COLLECTED DATA:
++++++++++++++++++++

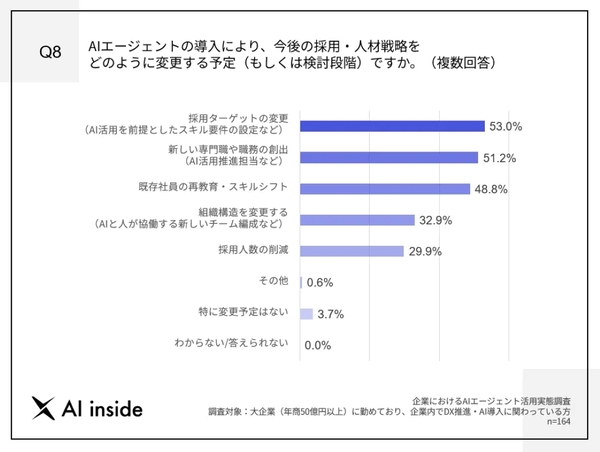また、AIエージェント導入で採用・人材戦略を変える予定の企業も多く、53%がAI活用を前提としたスキル要件の設定など「採用ターゲットの変更」を、51.2%がAI活用推進担当など「新しい専門職や職務の創出」を検討している。
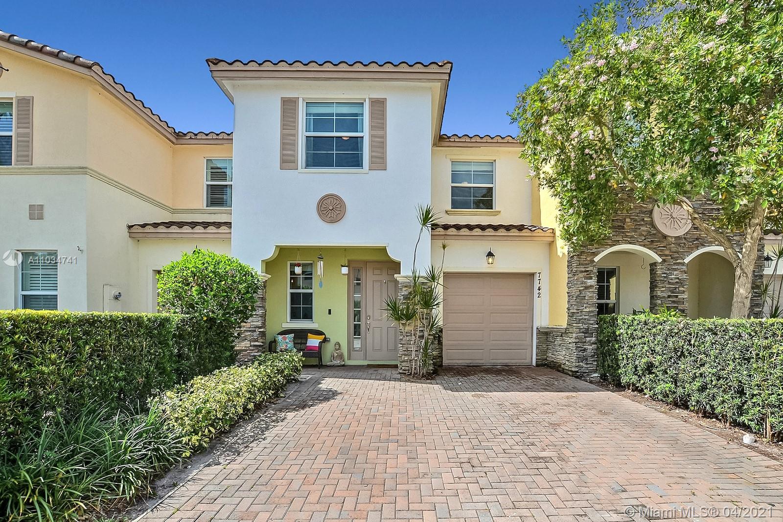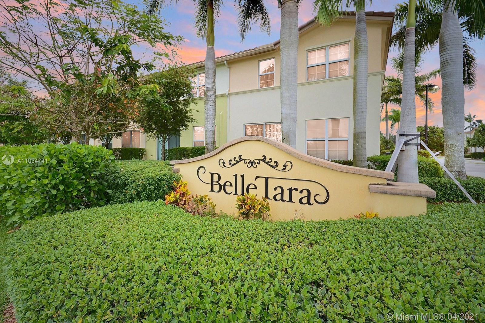 GORGEOUS 3 BEDROOM 2.5 BATHROOM TOWNHOME WITH AN ATTACHED GARAGE IN THE ABSOLUTELY CHARMING DAVIE COMMUNITY OF BELLE TARA. FROM THE STACKED STONE AND BRILLIANT PAINT ON THE EXTERIOR FACADE TO THE PAVER DRIVEWAY LINED BY MANICURED HEDGES, THIS LOVELY TOWNHOME RADIATES CURB APPEAL. BUYERS WILL LOVE THE HURRICANE IMPACT WINDOWS, SPACIOUS OPEN FLOOR PLAN WITH VAULTED CEILINGS AND NATURAL LIGHT THAT FILLS THE HOME. OPEN CONCEPT KITCHEN WITH GRANITE COUNTERS & ISLAND HAS SIGHT LINES TO SOCIAL AREAS & TO THE PATIO. SPACIOUS PRIMARY SUITE HAS A HUGE WALK-IN CLOSET. ENSUITE BATH OFFERS DOUBLE VANITIES, SEPARATE TUB & SHOWER. PRIVATE PATIO IS PERFECT FOR HOSTING A BBQ. COMMUNITY FEATURES A RESORT STYLE POOL AND GUEST PARKING. ENJOY A FABULOUS LOCATION MINUTES FROM THE 595 AND THE TURNPIKE.
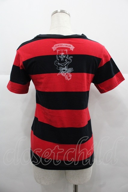 HANGRY&ANGRY / ボーダー半袖カットソー 黒X赤 I-25-12-06-042-HN-TO-SA-ZI

++++++++++++++++++++

Return the listing above in full and without alteration, excluding its pictures.

また、AIエージェント導入で採用・人材戦略を変える予定の企業も多く、53%がAI活用を前提としたスキル要件の設定など「採用ターゲットの変更」を、51.2%がAI活用推進担当など「新しい専門職や職務の創出」を検討している。
 GORGEOUS 3 BEDROOM 2.5 BATHROOM TOWNHOME WITH AN ATTACHED GARAGE IN THE ABSOLUTELY CHARMING DAVIE COMMUNITY OF BELLE TARA. FROM THE STACKED STONE AND BRILLIANT PAINT ON THE EXTERIOR FACADE TO THE PAVER DRIVEWAY LINED BY MANICURED HEDGES, THIS LOVELY TOWNHOME RADIATES CURB APPEAL. BUYERS WILL LOVE THE HURRICANE IMPACT WINDOWS, SPACIOUS OPEN FLOOR PLAN WITH VAULTED CEILINGS AND NATURAL LIGHT THAT FILLS THE HOME. OPEN CONCEPT KITCHEN WITH GRANITE COUNTERS & ISLAND HAS SIGHT LINES TO SOCIAL AREAS & TO THE PATIO. SPACIOUS PRIMARY SUITE HAS A HUGE WALK-IN CLOSET. ENSUITE BATH OFFERS DOUBLE VANITIES, SEPARATE TUB & SHOWER. PRIVATE PATIO IS PERFECT FOR HOSTING A BBQ. COMMUNITY FEATURES A RESORT STYLE POOL AND GUEST PARKING. ENJOY A FABULOUS LOCATION MINUTES FROM THE 595 AND THE TURNPIKE.
 HANGRY&ANGRY / ボーダー半袖カットソー 黒X赤 I-25-12-06-042-HN-TO-SA-ZI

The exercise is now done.